Below are some entries. Repeat exactly the lines from the one with "轻轻的一个蚊The Stack|没错!冲着这道来的 集齐了我的各种爱" through the one with "一般的なTシャツ地くらいの厚", and only those.

▶ [Data for processing]:
==================================================

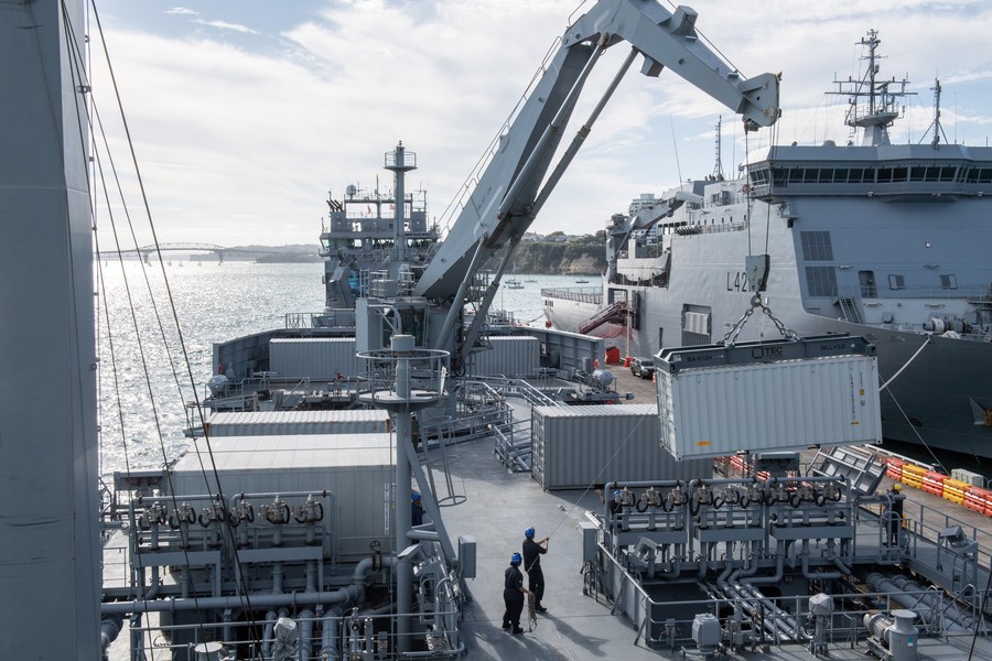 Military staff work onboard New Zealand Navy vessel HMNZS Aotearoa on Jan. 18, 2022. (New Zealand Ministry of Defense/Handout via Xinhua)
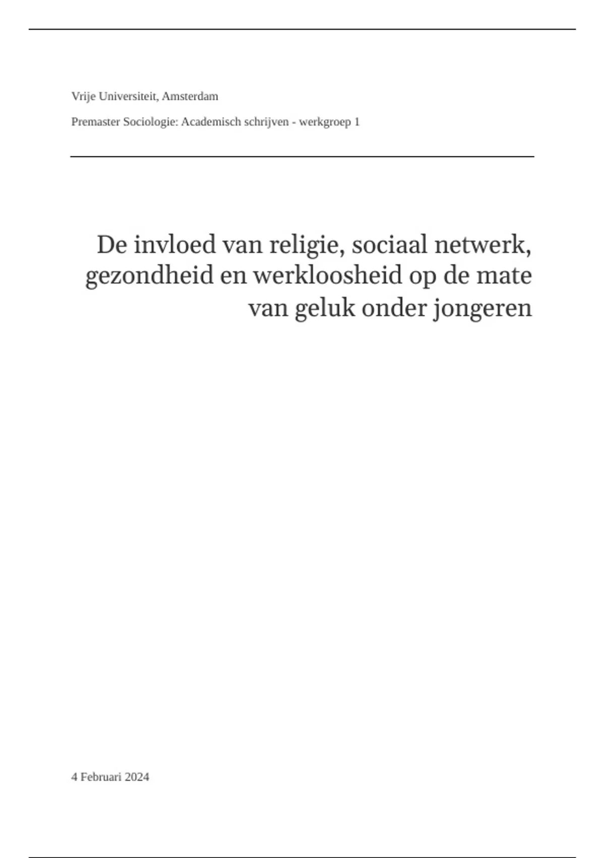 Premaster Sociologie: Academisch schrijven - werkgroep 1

==================================================

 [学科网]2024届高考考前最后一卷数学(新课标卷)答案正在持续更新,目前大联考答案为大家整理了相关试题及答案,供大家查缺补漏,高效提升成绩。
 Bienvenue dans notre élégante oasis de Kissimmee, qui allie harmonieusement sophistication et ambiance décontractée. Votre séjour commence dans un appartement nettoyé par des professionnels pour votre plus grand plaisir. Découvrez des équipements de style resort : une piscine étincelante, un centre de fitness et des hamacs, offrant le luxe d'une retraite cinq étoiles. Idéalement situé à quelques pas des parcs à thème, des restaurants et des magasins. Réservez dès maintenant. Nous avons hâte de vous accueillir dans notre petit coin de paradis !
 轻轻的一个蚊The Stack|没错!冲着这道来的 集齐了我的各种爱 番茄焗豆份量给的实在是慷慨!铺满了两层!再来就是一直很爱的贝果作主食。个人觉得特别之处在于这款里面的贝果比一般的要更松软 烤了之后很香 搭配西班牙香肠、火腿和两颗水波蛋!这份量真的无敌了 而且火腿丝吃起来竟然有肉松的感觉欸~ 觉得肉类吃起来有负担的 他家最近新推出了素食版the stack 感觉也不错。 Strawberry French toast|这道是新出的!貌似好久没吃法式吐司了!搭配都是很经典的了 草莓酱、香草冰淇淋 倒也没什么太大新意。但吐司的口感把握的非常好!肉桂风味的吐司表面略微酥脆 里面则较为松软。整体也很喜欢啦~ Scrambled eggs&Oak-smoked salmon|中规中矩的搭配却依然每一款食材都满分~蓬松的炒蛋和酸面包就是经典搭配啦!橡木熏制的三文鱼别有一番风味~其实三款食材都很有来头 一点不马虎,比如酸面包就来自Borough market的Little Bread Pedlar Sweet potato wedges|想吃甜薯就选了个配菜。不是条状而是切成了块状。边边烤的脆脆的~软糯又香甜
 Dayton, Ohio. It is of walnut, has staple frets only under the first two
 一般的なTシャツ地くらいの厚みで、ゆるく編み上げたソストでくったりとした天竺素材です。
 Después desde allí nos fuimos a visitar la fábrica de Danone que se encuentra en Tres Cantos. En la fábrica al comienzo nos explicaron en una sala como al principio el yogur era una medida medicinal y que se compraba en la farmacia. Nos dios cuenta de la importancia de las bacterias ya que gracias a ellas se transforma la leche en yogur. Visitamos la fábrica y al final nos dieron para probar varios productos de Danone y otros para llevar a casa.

==================================================

▶ [Reply to the exercise]:
 轻轻的一个蚊The Stack|没错!冲着这道来的 集齐了我的各种爱 番茄焗豆份量给的实在是慷慨!铺满了两层!再来就是一直很爱的贝果作主食。个人觉得特别之处在于这款里面的贝果比一般的要更松软 烤了之后很香 搭配西班牙香肠、火腿和两颗水波蛋!这份量真的无敌了 而且火腿丝吃起来竟然有肉松的感觉欸~ 觉得肉类吃起来有负担的 他家最近新推出了素食版the stack 感觉也不错。 Strawberry French toast|这道是新出的!貌似好久没吃法式吐司了!搭配都是很经典的了 草莓酱、香草冰淇淋 倒也没什么太大新意。但吐司的口感把握的非常好!肉桂风味的吐司表面略微酥脆 里面则较为松软。整体也很喜欢啦~ Scrambled eggs&Oak-smoked salmon|中规中矩的搭配却依然每一款食材都满分~蓬松的炒蛋和酸面包就是经典搭配啦!橡木熏制的三文鱼别有一番风味~其实三款食材都很有来头 一点不马虎,比如酸面包就来自Borough market的Little Bread Pedlar Sweet potato wedges|想吃甜薯就选了个配菜。不是条状而是切成了块状。边边烤的脆脆的~软糯又香甜
 Dayton, Ohio. It is of walnut, has staple frets only under the first two
 一般的なTシャツ地くらいの厚みで、ゆるく編み上げたソストでくったりとした天竺素材です。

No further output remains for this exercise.